◆ Problem requirements
Once the line holding "Hallo ‼️ PREISREDUZIERUNG" is found in the entries below, transcribe exactly every line up to and including the one holding "指なし手袋 温活 手編み", but leave out the pictures.

◆ Supplied material
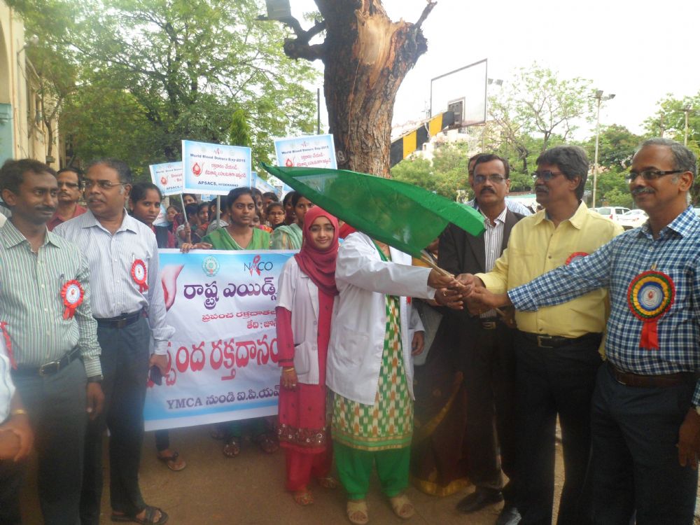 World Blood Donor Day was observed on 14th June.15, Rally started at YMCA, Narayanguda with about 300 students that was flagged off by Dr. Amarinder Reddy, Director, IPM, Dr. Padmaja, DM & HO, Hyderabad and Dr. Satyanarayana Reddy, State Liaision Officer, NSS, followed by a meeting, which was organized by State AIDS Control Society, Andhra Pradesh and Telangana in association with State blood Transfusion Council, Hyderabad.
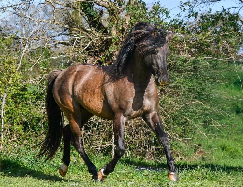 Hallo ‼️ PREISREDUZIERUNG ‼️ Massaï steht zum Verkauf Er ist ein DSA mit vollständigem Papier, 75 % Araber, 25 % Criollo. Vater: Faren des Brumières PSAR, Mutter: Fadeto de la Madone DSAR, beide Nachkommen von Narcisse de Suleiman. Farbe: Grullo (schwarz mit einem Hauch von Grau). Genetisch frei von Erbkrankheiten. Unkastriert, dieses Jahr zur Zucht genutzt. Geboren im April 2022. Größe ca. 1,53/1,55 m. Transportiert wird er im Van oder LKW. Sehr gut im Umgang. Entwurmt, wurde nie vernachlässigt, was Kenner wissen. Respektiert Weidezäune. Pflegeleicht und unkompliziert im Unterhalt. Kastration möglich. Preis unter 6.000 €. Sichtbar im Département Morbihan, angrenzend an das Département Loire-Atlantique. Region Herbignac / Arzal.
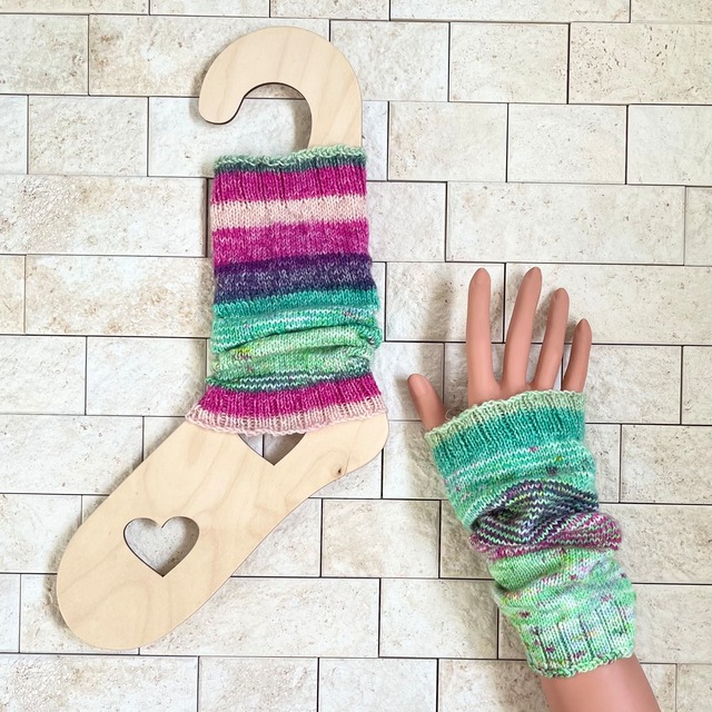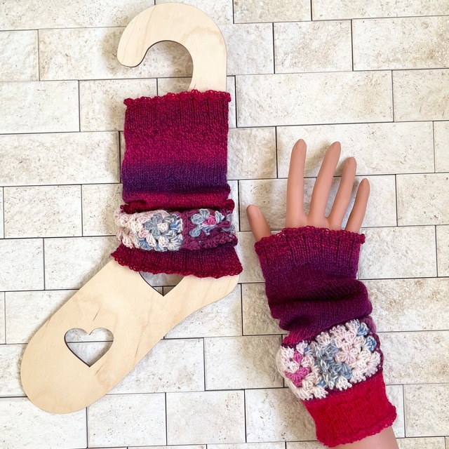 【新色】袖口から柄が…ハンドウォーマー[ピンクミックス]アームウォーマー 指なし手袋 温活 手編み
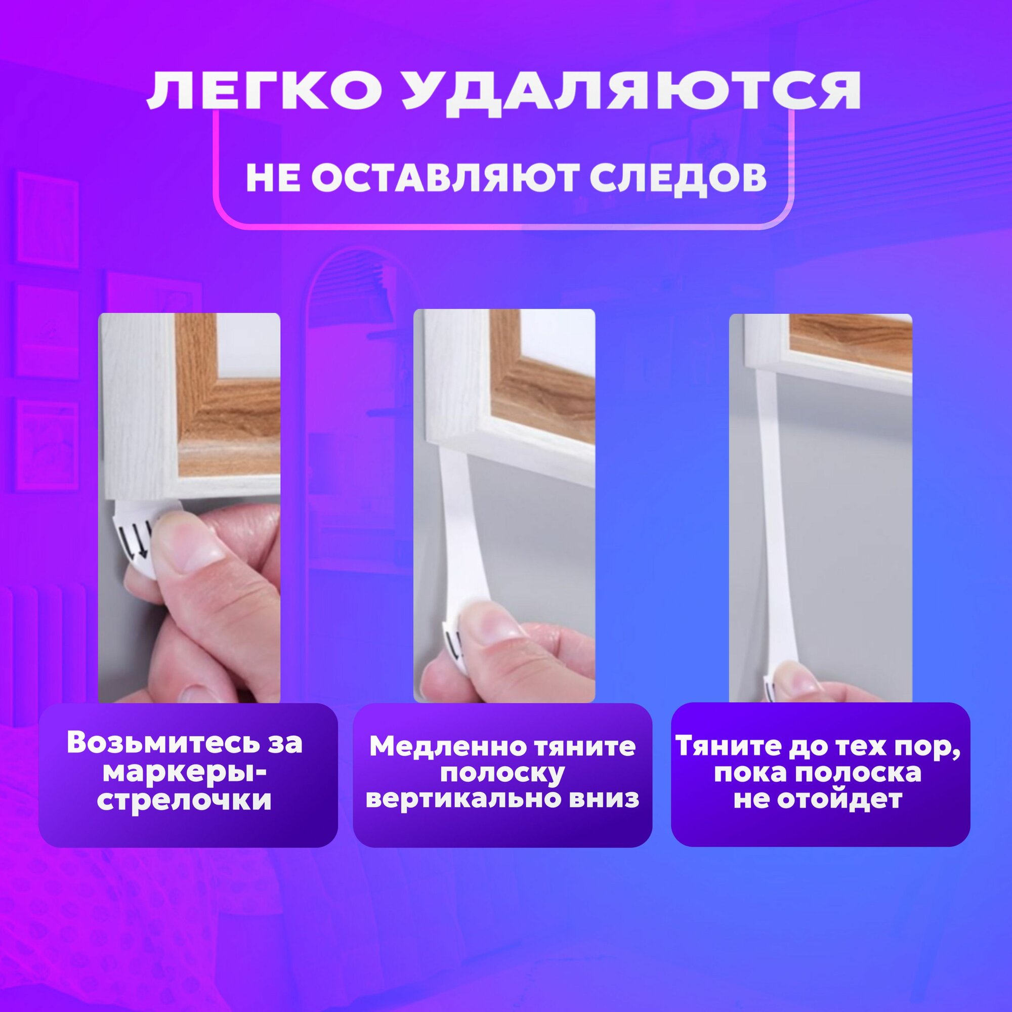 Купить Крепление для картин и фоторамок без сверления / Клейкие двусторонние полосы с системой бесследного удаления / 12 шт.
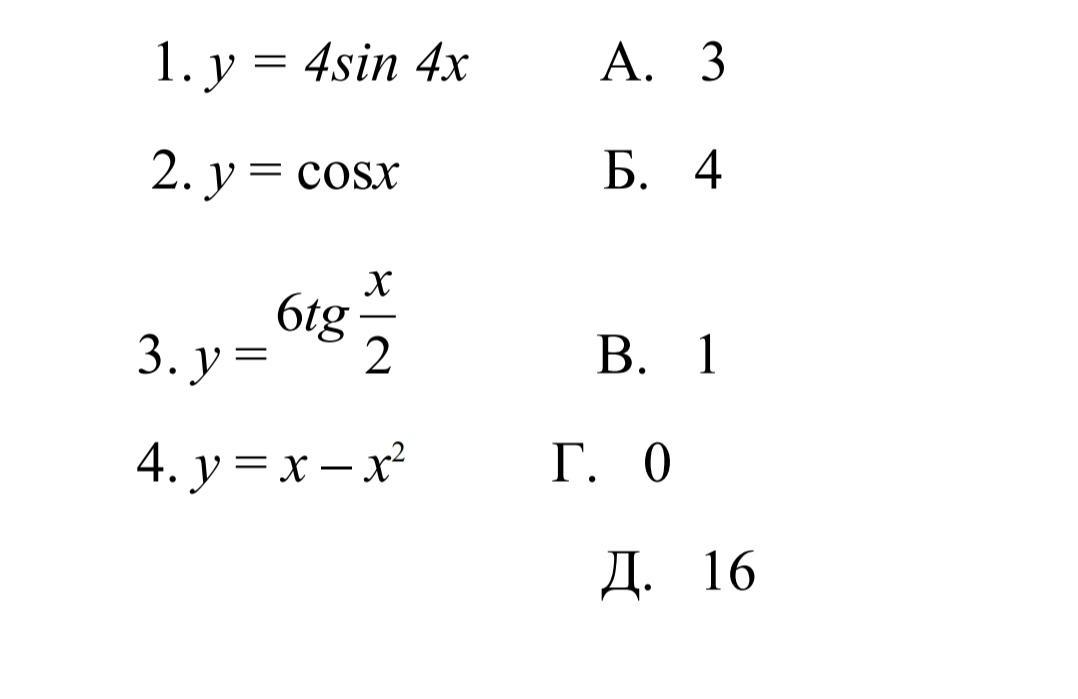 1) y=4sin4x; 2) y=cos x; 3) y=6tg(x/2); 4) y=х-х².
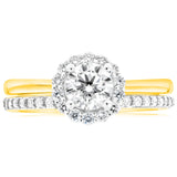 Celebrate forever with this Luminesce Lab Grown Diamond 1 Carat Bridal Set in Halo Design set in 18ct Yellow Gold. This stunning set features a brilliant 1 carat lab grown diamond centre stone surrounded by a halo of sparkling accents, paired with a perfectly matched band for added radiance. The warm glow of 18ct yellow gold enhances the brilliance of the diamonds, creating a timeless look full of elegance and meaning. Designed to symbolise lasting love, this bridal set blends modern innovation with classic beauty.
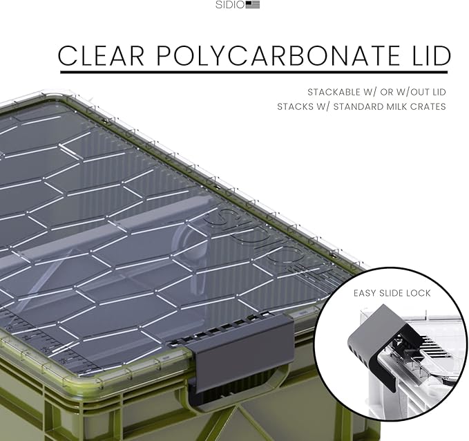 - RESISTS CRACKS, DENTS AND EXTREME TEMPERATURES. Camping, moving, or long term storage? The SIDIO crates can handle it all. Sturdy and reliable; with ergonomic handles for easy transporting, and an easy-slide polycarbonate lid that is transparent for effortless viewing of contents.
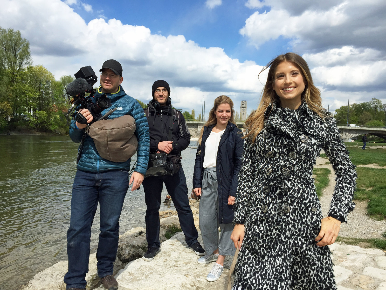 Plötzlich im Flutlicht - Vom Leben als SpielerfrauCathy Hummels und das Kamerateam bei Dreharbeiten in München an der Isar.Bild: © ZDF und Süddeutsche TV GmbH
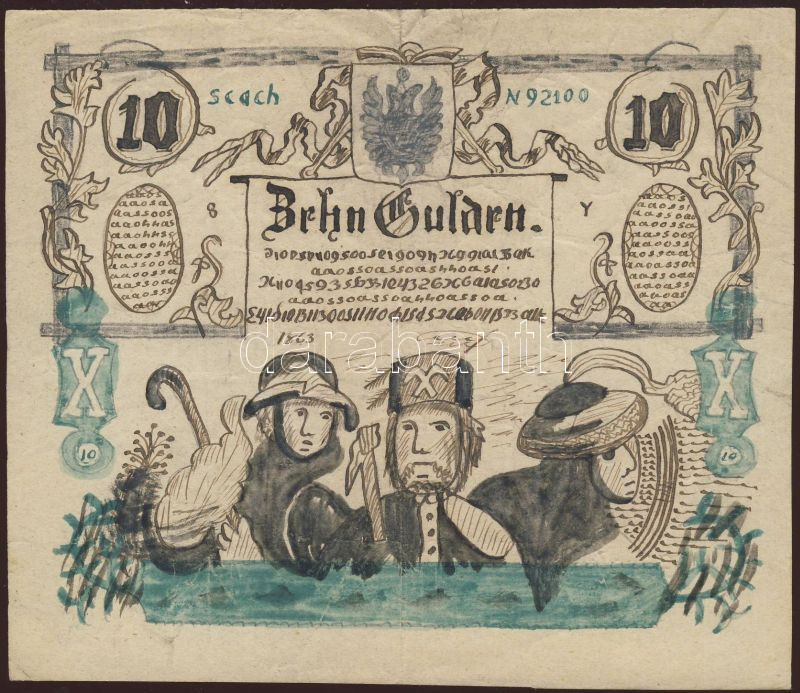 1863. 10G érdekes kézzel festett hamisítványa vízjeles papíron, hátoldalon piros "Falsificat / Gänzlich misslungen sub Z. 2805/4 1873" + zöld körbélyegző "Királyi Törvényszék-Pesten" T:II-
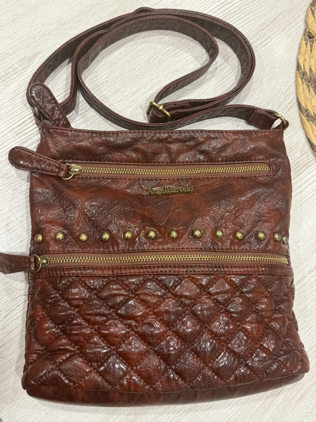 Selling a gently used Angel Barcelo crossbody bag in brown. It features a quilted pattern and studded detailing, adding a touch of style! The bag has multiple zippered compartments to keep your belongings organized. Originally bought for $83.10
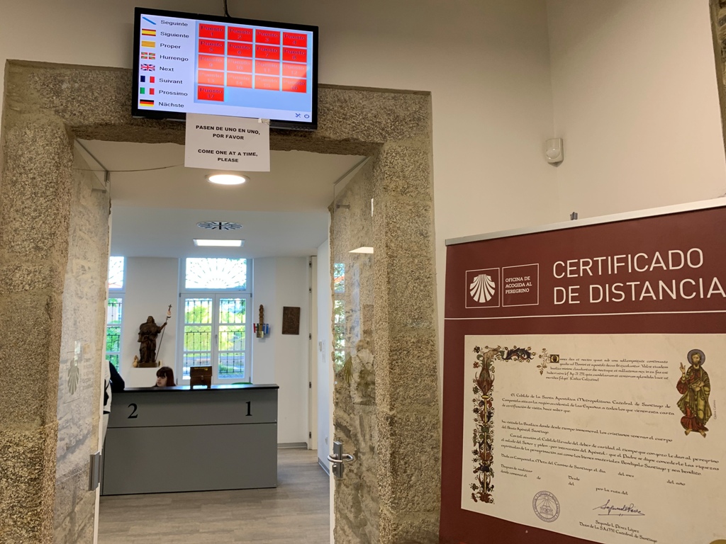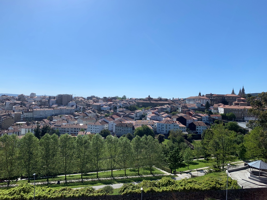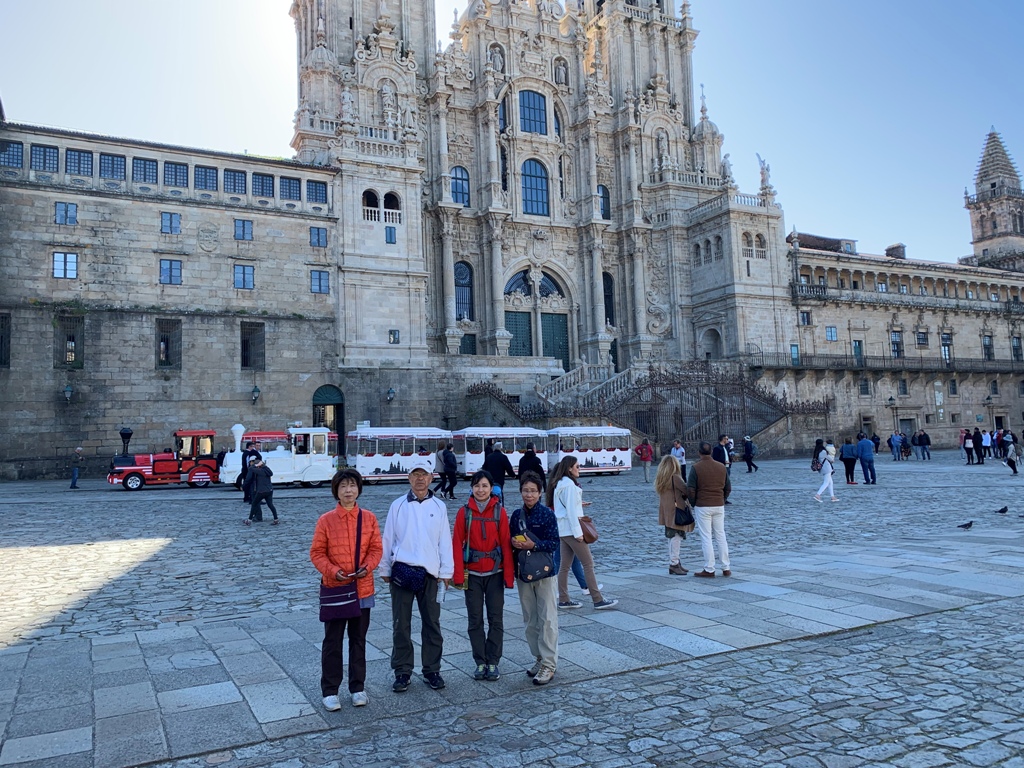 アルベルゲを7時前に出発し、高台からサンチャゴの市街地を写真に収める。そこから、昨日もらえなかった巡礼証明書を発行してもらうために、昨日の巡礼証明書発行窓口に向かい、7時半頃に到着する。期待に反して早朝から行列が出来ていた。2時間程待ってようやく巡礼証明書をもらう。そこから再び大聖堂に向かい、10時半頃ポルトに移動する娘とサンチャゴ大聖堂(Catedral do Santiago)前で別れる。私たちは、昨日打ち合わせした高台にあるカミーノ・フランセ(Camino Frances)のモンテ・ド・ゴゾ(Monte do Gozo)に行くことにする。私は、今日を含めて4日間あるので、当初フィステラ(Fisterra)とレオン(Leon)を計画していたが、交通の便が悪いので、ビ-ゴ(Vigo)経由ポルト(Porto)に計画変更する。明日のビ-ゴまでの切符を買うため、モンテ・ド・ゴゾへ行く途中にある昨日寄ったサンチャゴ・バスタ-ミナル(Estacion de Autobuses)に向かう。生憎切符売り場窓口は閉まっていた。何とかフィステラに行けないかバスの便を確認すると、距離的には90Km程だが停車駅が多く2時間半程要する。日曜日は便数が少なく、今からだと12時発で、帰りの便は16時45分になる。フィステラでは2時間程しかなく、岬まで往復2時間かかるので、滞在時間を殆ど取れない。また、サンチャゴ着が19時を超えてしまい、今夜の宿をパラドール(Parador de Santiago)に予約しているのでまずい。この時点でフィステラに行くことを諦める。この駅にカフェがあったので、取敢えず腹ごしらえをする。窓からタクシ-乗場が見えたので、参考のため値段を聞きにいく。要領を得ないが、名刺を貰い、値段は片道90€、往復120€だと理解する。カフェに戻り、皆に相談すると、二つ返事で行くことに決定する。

◆ Problem solution
 Hallo ‼️ PREISREDUZIERUNG ‼️ Massaï steht zum Verkauf Er ist ein DSA mit vollständigem Papier, 75 % Araber, 25 % Criollo. Vater: Faren des Brumières PSAR, Mutter: Fadeto de la Madone DSAR, beide Nachkommen von Narcisse de Suleiman. Farbe: Grullo (schwarz mit einem Hauch von Grau). Genetisch frei von Erbkrankheiten. Unkastriert, dieses Jahr zur Zucht genutzt. Geboren im April 2022. Größe ca. 1,53/1,55 m. Transportiert wird er im Van oder LKW. Sehr gut im Umgang. Entwurmt, wurde nie vernachlässigt, was Kenner wissen. Respektiert Weidezäune. Pflegeleicht und unkompliziert im Unterhalt. Kastration möglich. Preis unter 6.000 €. Sichtbar im Département Morbihan, angrenzend an das Département Loire-Atlantique. Region Herbignac / Arzal.
 【新色】袖口から柄が…ハンドウォーマー[ピンクミックス]アームウォーマー 指なし手袋 温活 手編み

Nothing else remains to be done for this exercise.